With Ajax making heavy use of XMLHttp, many developers are looking for ways to equalize the differences between browser implementations. The Yahoo! Connection Manager does this by handling all of the processing behind the scenes, exposing a simple API that frees developers from cross-browser concerns.

Before beginning, make sure you read the Yahoo! license agreement for JavaScript components at http://developer.yahoo.net/yui/license.txt. It’s a standard BSD-style license, but you should be sure to read it over anyway. You can download the Connect Managed code from http://developer.yahoo.net/yui/connection/index.html#download. The code download includes the source code as well as documentation, but no examples.
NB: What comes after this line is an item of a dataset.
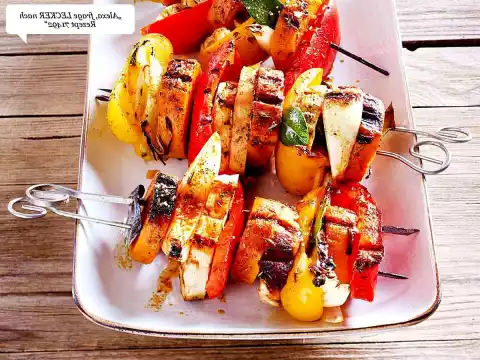 Peel and wash the sweet potatoes and boil them in salted water for about 20 minutes. Cut Halloumi into 8 slices. Clean, wash and cut the peppers into 8 large pieces. Peel onion and cut into 12 slices.
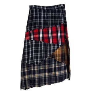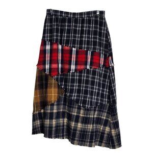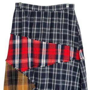 Patchwork Plaid Asymmetrical Elastic Waist Long Skirt Size Medium

There are two JavaScript files necessary to use the Connection Manager: YAHOO.js, which sets up the YAHOO namespace (this file is used by all the Yahoo! JavaScript components), and connection.js, which contains the XMLHttp code. The files must be included in this order as well:

<script type="text/javascript" src="/js/YAHOO.js">
<script type="text/javascript" src="/js/connection.js">

With these files included in your page, you are now ready to begin using the Connection Manager.

Basic Requests

The Yahoo! Connection Manager uses a different methodology than you may be used to for sending XMLHttp requests. Instead of creating objects, the Connection Manager exposes several static methods to handle requests. The method you’ll use most often is asyncRequest(), which has the following signature:

YAHOO.util.Connect.asyncRequest(request_type, url, callback, postdata);

The first argument, request_type, is the type of HTTP request to make: “get” or “post”. The second argument is simply the URL of the request. The third argument is a callback object containing methods to handle the response from the request. This object has the following basic form:

var callback = {
    success: function (oResponse) {
        //handle a successful response
    failure: function (oResponse) {
        //handle an unsuccessful request

As you can see, this object has two methods: success() and failure(). The former gets called when a response is returned as expected; the latter is called when an error occurs during the request. Essentially, anytime the request doesn’t return a status of 200, the failure() method is called. The argument that is passed in to both methods is a response object containing all of the information about the response (including all XMLHttp properties such as status, statusText, responseText, responseXML, etc.).

The final argument of asyncRequest() is the data to post to the server. For POST requests, this value is a string of URL-encoded values to be sent; for GET requests, this value can either be omitted or set to null.